Can anyone give a description of how you find the heigh of the roll center? Am I correct when I say that it is simply the point the car body tries to turn about.

Then in front the car tries to roll around the bottom of the tires, and in the rear it tries to roll about the gearbox?

Hi Redhot,

The roll center of a car is predetermined by the design engineers at the drawing board. Designers plan their roll centers for the intended feel and handling of the car. It is not accidential.

Lines drawn through the suspension arms and their connecting points dictate where a roll center will be.

The line that connects the roll centers determines the roll couple.

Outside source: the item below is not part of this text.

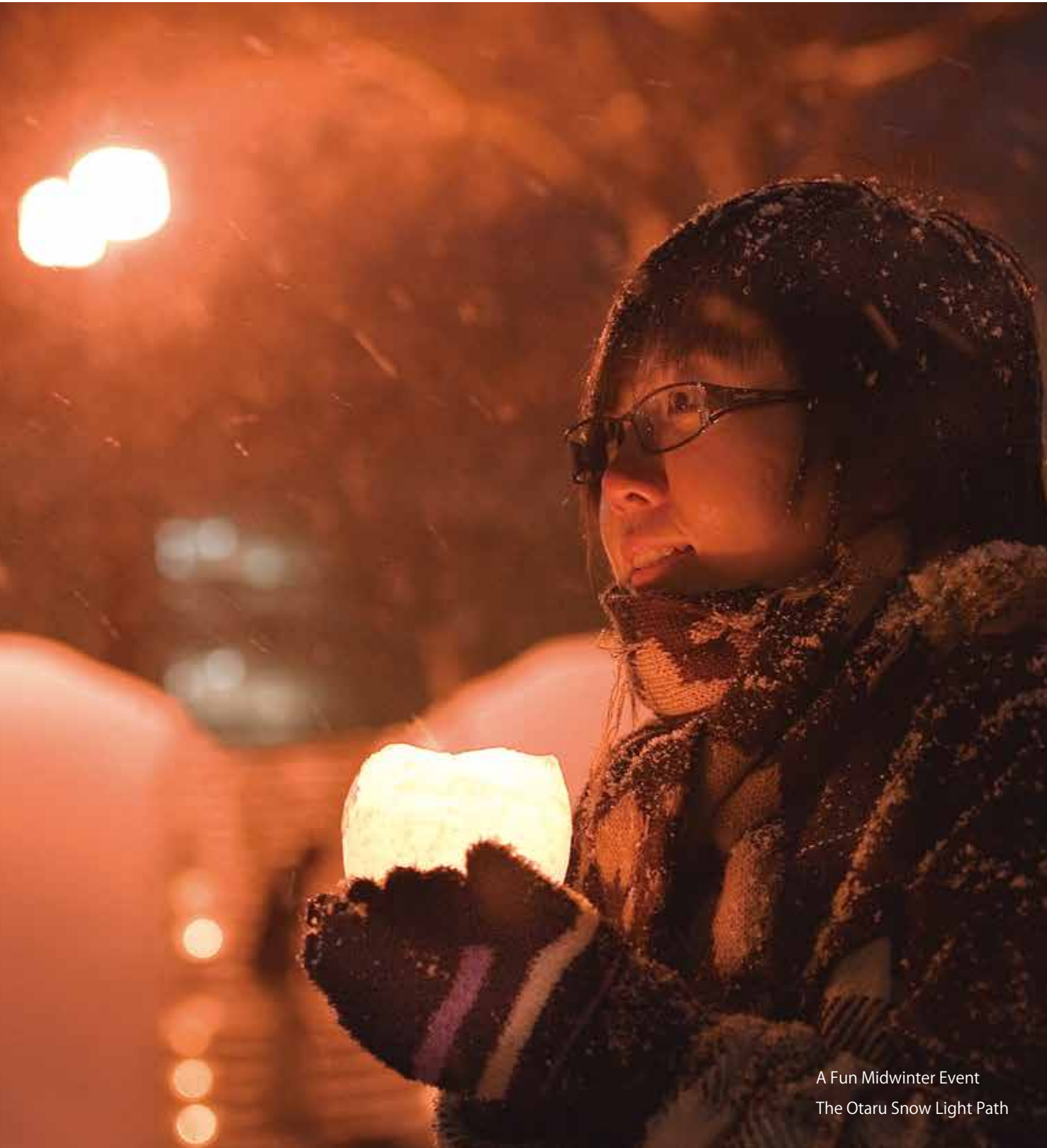
A Fun Midwinter Event The Otaru Snow Light Path

...and that is just the beginning.

FJC

redhot wrote:Can anyone give a description of how you find the heigh of the roll center? Am I correct when I say that it is simply the point the car body tries to turn about.

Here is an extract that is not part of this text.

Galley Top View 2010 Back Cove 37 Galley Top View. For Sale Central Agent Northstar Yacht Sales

Then in front the car tries to roll around the bottom of the tires, and in the rear it tries to roll about the gearbox?

Defining the roll center is a difficult matter. There are two ways used to define the roll centers. The first one is a kinematic approach, where you only take into account the geometry of the suspension. The second one, which starts to give fairly accurate results, is a force based approach.

The roll center is not the point that the car body turns about. It is just an approximation of how much anti force (=roll resistance) the car suspension generates in roll.


Above is a picture that illustrates the force based roll center in a vw front suspension. The vw front axle is an odd design. It has no roll center movement in bump, but the roll center moves when the body rolls. The blue arrows represent "anti" forces that are dependent on the geometry of the suspension. The anti on the outer wheel is higher than the inner, so the geometry generates some roll resistance through the suspension arms. When there is lateral force and body roll, the roll center moves higher and towards the outer wheel. Also notice that both of the blue arrows point down, generating some jacking in the front. So jacking isn't only something that happens in a Swing axle rear suspension.

But back to the real world. The easiest is just to assume that the front roll center is at ground level and the rear roll center is above the gearbox for swing axle or at ground level for IRS. Then using the values as approximations as you calculate the wanted roll resistance from springs and anti roll bars. After this you go and refine your creation on the race track and test your way to improve the performance of the suspension.

Hi KDF,

It is a pleasure to meet someone who has such common interest in suspension theory and application.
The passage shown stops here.